Same divider, two different industries: structured data is the clearest line between a site an answer engine can confirm facts on and a site it has to guess about. Restaurants are not special here. The same gap should hold. They just add one more failure mode on top of it, the menu as a photo, which locks away the exact dish and dietary facts a diner is asking about.
The full breakdowns are in the clinic study and the hotel questions post. If writing JSON-LD by hand sounds like a chore, the schema generator reads your page and drafts a correct Restaurant block for you to paste.
The pattern under all 15
You do not need all 15 fixes this week.
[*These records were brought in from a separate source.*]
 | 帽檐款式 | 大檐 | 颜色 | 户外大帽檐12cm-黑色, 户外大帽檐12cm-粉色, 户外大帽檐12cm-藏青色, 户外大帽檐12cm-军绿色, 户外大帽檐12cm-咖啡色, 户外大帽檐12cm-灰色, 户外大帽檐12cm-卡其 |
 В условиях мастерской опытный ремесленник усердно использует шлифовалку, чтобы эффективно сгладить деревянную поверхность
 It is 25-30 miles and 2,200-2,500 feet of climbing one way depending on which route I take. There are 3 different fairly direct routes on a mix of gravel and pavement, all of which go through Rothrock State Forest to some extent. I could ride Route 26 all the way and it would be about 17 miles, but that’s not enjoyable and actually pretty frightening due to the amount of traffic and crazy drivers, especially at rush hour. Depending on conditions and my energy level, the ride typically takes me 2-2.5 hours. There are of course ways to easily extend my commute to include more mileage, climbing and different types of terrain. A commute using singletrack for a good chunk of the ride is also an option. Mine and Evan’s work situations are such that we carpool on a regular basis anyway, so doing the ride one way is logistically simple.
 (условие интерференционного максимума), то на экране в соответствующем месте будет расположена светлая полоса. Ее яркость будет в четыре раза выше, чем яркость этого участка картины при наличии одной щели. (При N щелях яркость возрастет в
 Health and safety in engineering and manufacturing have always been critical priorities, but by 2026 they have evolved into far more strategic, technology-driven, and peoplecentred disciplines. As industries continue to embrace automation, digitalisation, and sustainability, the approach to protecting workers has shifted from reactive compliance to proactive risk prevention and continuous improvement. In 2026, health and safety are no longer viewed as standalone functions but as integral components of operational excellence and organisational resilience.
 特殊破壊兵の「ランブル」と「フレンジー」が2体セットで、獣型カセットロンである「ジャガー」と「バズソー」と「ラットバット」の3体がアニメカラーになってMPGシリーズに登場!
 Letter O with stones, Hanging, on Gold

Pick the one question closest to what your actual guests ask, hours, dietary, reservations, whatever it is, and fix that single fact first: turn it into text an engine can read, not a graphic it has to guess at.
If you want to see where your own restaurant's homepage stands, the free Report Card tool scores it out of 100 in about ten seconds, no signup, and tells you exactly which of these facts are missing.
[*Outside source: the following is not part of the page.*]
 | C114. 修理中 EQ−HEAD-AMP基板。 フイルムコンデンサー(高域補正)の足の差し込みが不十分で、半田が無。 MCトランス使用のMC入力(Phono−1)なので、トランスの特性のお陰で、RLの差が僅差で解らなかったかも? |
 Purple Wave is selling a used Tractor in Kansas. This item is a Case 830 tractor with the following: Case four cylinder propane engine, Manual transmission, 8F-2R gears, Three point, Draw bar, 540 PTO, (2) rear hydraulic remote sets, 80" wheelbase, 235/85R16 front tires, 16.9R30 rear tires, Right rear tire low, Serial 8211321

Frequently asked questions
Do I need a reservation system integration for acceptsReservations to work?
No. The schema field just states whether you take reservations at all. You can set it to true and still take bookings over WhatsApp or by phone. The point is giving the engine a plain yes or no answer, not proving you have a booking platform.
My menu changes often. Is it worth typing it out as HTML text?
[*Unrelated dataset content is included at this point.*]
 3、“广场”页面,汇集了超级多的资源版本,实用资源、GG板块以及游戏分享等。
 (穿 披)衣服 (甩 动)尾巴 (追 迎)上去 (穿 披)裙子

Yes, even a simplified version helps. You do not need every seasonal special listed. A stable core menu with dish names, price range, and dietary tags as real text gives an engine something to quote, which a photo or PDF never will.
Will adding this structured data actually make ChatGPT recommend my restaurant?
It removes a reason to skip you, it does not guarantee a mention. Answer engines still weigh reviews, mentions elsewhere, and relevance to the question. Structured data and readable text are the floor, not the whole answer.
Where do I even put openingHoursSpecification if I am not a developer?
It is a small JSON-LD block that goes in your page's head section, and most website builders let you paste custom code there. If you are unsure what your current markup looks like, the Report Card tool flags whether it is present before you touch any code.